The walkway is high above the forest floor, the valleys, the river gorges of the Wooroonooran National Park, a 350-metre long metal path that allows visitors to walk with the birds and butterflies through the canopy of the forest's grandest trees, look out and down on a virgin landscape. Displays not only explain the region's geology, plants and animals, they offer fascinating insight into the ancient and recent history of the traditional owners, the Ma:Mu nation.
Returning through the forest track, I meet an Englishman. We chat briefly, then fall silent and walk together. It seems more appropriate.
Perhaps if we'd been Spanish, like Jose Paronella, we'd have done something more flamboyant. He came here in 1913, made a fortune buying and selling cane farms, went home and found a bride, and built her a Catalonian castle, tennis courts, cinema and a ballroom; even a tiny hydro-electric plant over a waterfall. Paronella Park is in ruins now; perhaps it lives on as a memorial to a glorious eccentric. The next stop was intriguing. I liked that the local tourist organisation advised it "is real and genuine! It is deliberately NOT a theme park, it's authentic and even a little 'raw'".
Charley's Chocolate Factory (careful with that spelling, you do not want to upset Roald Dahl's notoriously litigious estate) is one of only three places in the world where you can see cocoa growing on the tree and then being turned into the chocolate you can taste (the other two are in Hawaii).
The tourist board was right — it was a bit of a struggle to find the place (Google didn't help) on a country road, drive through the farm gate on to a dusty drive, dogs barking welcome, and it's very much a hands-on, family operation.
But it lives up to its promise of a sensory journey of seeing, touching, smelling and tasting all things chocolate, from the growing and flowering plants, roasting the beans, producing the cocoa nibs and through to "Yes, I'd love to taste that" and "I'll have one of those and one of these to take home".
It's just a few minutes' drive to Mission Beach, four villages along a 14km stretch of white-sand beach, lined with palm trees, that have morphed into a relaxed, happy-go-lucky community of beach bars, cafes, eateries, low-key backpackers and upmarket resorts, galleries and boutiques.
It's one of only two places where two World Heritage sites touch each other, and if you've been following the trail you'll recall those are the reef (Dunk Island is a 10-minute ferry ride offshore) and the rainforest.
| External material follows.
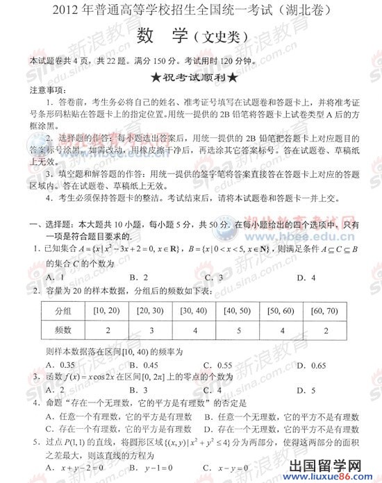 為2014年高考生備考復(fù)習提供幫助,出國留學網(wǎng)高考頻道特為您搜集整理了湖北A高考文科數(shù)學試題2012,希望對您2014年高考有所幫助!更多資訊請收藏本站(ctrl+D即可收藏)!

It's also halfway between Cairns and Townsville, so it appeals as a weekend getaway from both cities.
So does its billing as an adventure activity base — skydiving, snorkelling and diving, whitewater rafting, tramping and camping are on offer.
But not for me.
Sleepy Sunday morning is lazy Sunday afternoon. Park the car, dump the bag, kick the shoes off and hit the sand.
Checklist
ACCOMMODATION
Castaways resort is right on the beach, with beachfront rooms, self-contained villas, pools and a day spa.
DINING
Bibesia Beach Club (at Castaways) is one of the best chill-out spots you'll find anywhere., serving a modern Aussie take on Mediterranean classics.